Iceberg Lakehouse Federation
Iceberg lakehouse federation is the ability to query, join, and analyze data across multiple Iceberg catalogs, cloud environments, or storage locations in a single SQL statement — without moving data between systems or establishing dedicated ETL pipelines. Federation enables the “single pane of glass” analytics experience over a distributed, multi-cloud data estate.
Federation Scenarios
Multi-Catalog Federation
Different teams or business units maintain separate Iceberg catalogs. The query engine federates across them:
Marketing Catalog (Apache Polaris, AWS S3)
IT Catalog (Nessie, on-premise HDFS)
Finance Catalog (AWS Glue, S3)
↓
Dremio / Trino (federates across all three)
↓
Analyst: "JOIN marketing data WITH finance data"
Multi-Cloud Federation
Tables span multiple cloud providers:
Customer data: GCS (Google Cloud)
Order data: S3 (AWS)
Inventory data: ADLS (Azure)
↓
Query engine federates across clouds
Hybrid On-Premise/Cloud Federation
Legacy on-premise Hive tables + modern cloud Iceberg tables:
Historical data: On-premise HMS (Hive format)

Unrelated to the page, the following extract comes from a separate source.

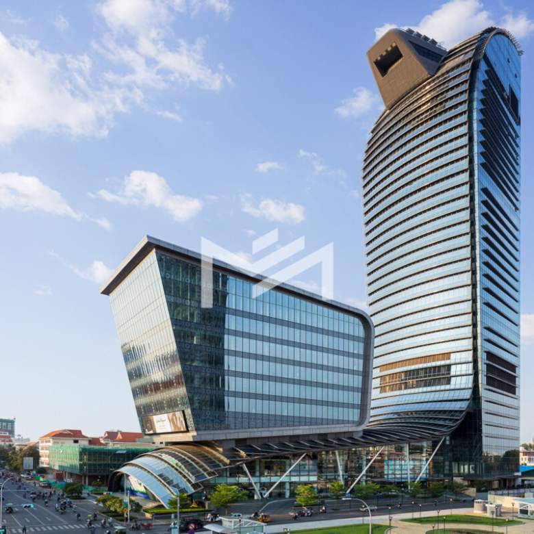 Grade A Office Space in Phnom Penh CBD, Located near Raffles Hotel Le Royal, the U.S. Embassy, French School, and Central Market. Office spaces available from 91 sqm to 1,700 sqm. Each office zone is equipped with 4 high-speed lifts for fast and convenient access. Free air-conditioning during business hours (Monday to Friday: 8:00 AM – 6:00 PM, Saturday: 8:00 AM – 12:30 PM). Make this luxury office space your first choice for setting up your business.
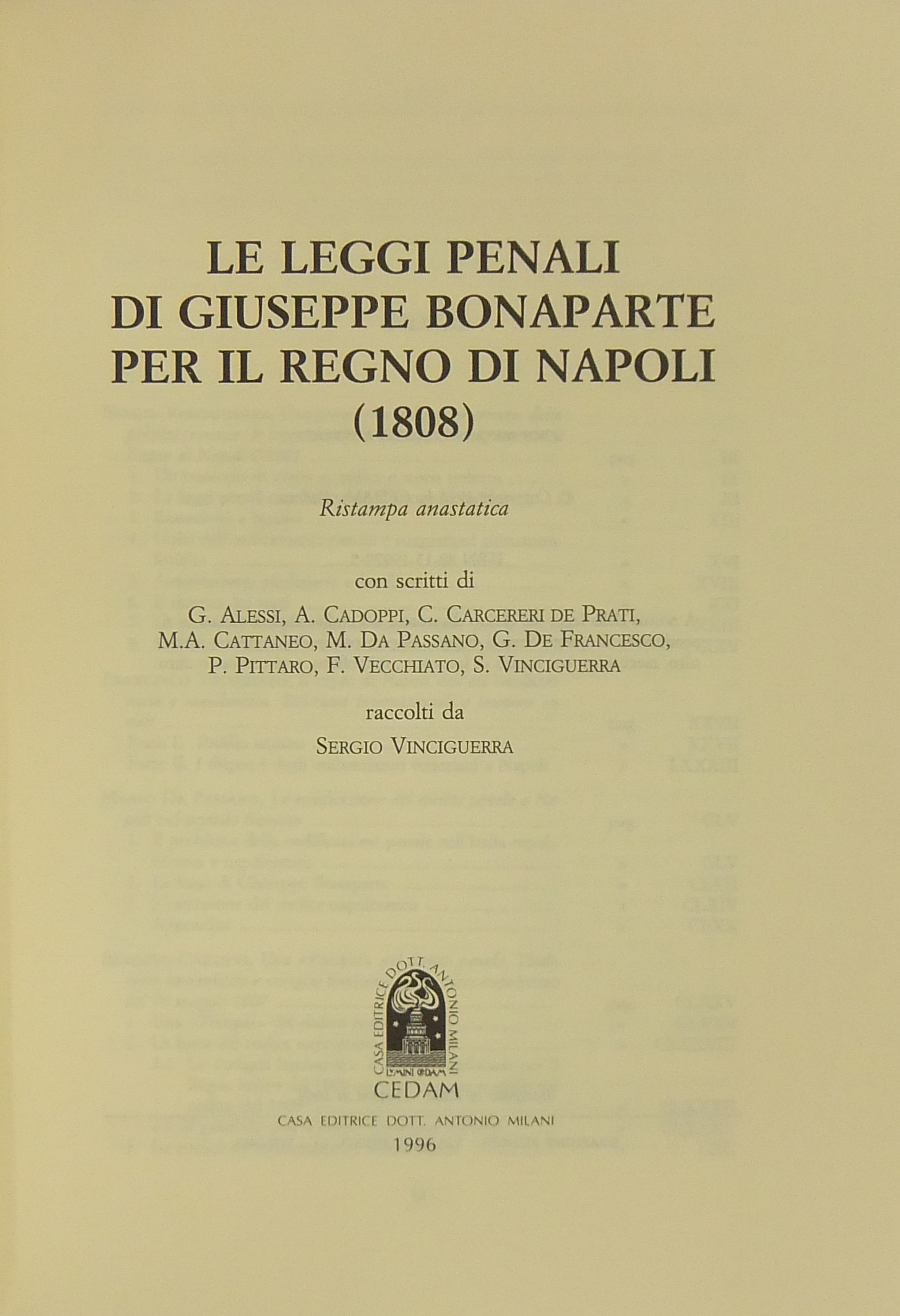 Le leggi penali di Giuseppe Bonaparte per il Regno di Napoli (1808). Con scritti di G. Alessi, A. Cadoppi, C. Carcereri De Prati, M. A. Cattaneo, M. Da Passano, G. De Francesco, P. Pittaro, F. Vecchiato, S. Vinciguerra. Raccolti da Sergio Vinciguerra.

New data: AWS Polaris/Glue (Iceberg format)
↓
Federated query: historical + modern
Federation with Dremio
Dremio’s Intelligent Query Engine is purpose-built for federation. A single Dremio instance can connect to multiple Iceberg catalogs simultaneously and join across them:
-- Dremio: join tables from two different Iceberg catalogs
SELECT
m.campaign_id,
m.impressions,
f.revenue
FROM marketing_catalog.campaigns.ad_performance m
JOIN finance_catalog.revenue.daily_revenue f
ON m.date = f.date AND m.region = f.region
WHERE m.date >= '2026-01-01';
No data movement — Dremio pushes predicates down to each catalog’s storage, reads only needed columns, joins in its distributed query engine.
Federation with Trino
Trino’s connector architecture supports multiple concurrent catalog connections:
# trino/catalog/polaris.properties
connector.name=iceberg
iceberg.catalog.type=rest
iceberg.rest-catalog.uri=https://my-polaris.example.com
iceberg.rest-catalog.credential=client-id:client-secret
# trino/catalog/glue.properties
connector.name=iceberg
iceberg.catalog.type=glue
hive.metastore.glue.region=us-east-1
-- Trino: cross-catalog join
SELECT o.order_id, c.name
FROM polaris.analytics.orders o
JOIN glue.crm.customers c ON o.customer_id = c.id;
Apache Arrow Flight for Federation
Apache Arrow Flight provides a high-performance RPC protocol for exchanging columnar data between federation participants:
- Each Iceberg catalog exposes an Arrow Flight SQL endpoint.
- A federated query engine (Dremio) distributes sub-queries via Flight.
- Results return as Arrow batches — zero-copy, columnar, high-throughput.
Dremio uses Arrow Flight natively for accelerated data exchange in federated environments.
Federation and Credential Vending
A key challenge in federation is credentials: the query engine needs access to each catalog’s object storage. The Iceberg REST Catalog’s credential vending solves this:
- The federated query engine authenticates with each catalog separately.
- Each catalog vends scoped credentials for its storage prefix.
- The query engine reads each storage location using the respective vended credentials.
- Credentials are isolated per-catalog — no cross-contamination of access.
Federation Anti-Patterns
Don’t replicate data for federation: Moving data between catalogs to “enable” cross-catalog queries defeats the purpose. Federation should work against data in place.
Don’t over-federate: Every cross-catalog join incurs network I/O. For frequently-joined datasets, consider co-locating them in the same catalog namespace with appropriate access control instead of always federating.
Don’t bypass the catalog: Direct storage access bypasses credential vending and audit logging. All federated access should go through the catalog API.
Practical Federation: Dremio Open Catalog as the Hub
A common enterprise federation pattern uses Dremio’s Open Catalog (Apache Polaris) as the central hub:
Domain Catalogs (Polaris instances per domain)
├── Marketing Polaris → registered in Dremio as source
├── Finance Polaris → registered in Dremio as source
└── Engineering Polaris → registered in Dremio as source
Dremio Agentic Lakehouse
├── Federates queries across all three
├── AI Semantic Layer unifies business terms across domains
├── AI Agent answers cross-domain business questions
└── Single governance control plane via Dremio permissions
This architecture provides federated query capability while maintaining domain autonomy — each domain owns their catalog and data, while Dremio provides unified access and AI-powered analytics across the entire estate.